I have an identical book.  Mine has about five pages partially filled in.  His is full of names.  The names in the book represent people that he has lead to Christ.  There are names of babies that are surely middle-aged by now.  There are couples that have stayed together to celebrate silver anniversaries.  It would be almost impossible to determine how many lives he has transformed over the years.

He has friends all over the state.  People call from time to time.  One couple sent him a portable DVD player.  His son bought him a pretty nice flatscreen TV.  The walls in his room are bare save for an undecorated brass cross.  On the table next to his chair is an old worn out Bible and an Upper Room.

As we sat and talked he told me about some of the churches he has served.  I mostly listened as the words came pouring out.  I looked him in the eye and heard a small part of his story.  A couple of times I could see sadness in his eyes, especially when he talked about his wife or about family that lived so far away.  A couple of times I could see joy spread across his face as he talked of his grandchildren, or about some of his old churches.
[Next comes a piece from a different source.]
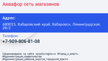 Аквафор, сеть магазинов по адресу 680013, Хабаровский край, Хабаровск, Ленинградская, 28/2 в дальнейшем Организация, размещена в следующих категориях: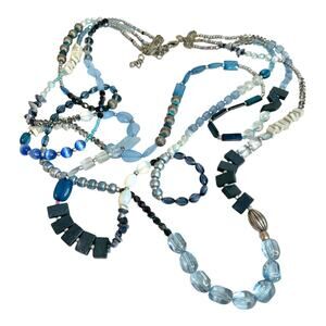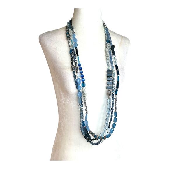 Chico’s Long Triple Strand Beaded Blue and Silver Tones Necklace

Eventually, I had to leave.  He was gracious when I stood.  He had told me that he didn’t know how to connect his portable DVD player to the TV.  I could tell it would only take a cable and a minute to do.  I promised him I would come back and set it up for him.  I left him my address and phone number.  As I was leaving he asked for a hug.

“I really miss that.  It’s hard to hug my wife.  Sometimes I try, but…” he stopped.  I gave him a hug.  A real hug, and said goodbye.

On my way home I cried. 

Here is a man that has given his life to the church.  He had a book full of names of people that he has impacted.  He has friends all over the state.  Yet here he is, alone.  Here he is, in desperate need of a friend.  Dying for a hug.

I’m glad I could give it to him.  I’m glad I can be his friend.  I plan on going back.  I need to go back.  Maybe as much for me as for him.  When I look at him I see my possible future.  I see the loneliness of children scattered across the country, and the confusion of a gift I do not know how to use.  I see a book full of names, and the fear of having friends scattered all around the state, but no place to call home. 

So I will be his friend.  I will be his friend because he needs me, and I will be his friend because I need him.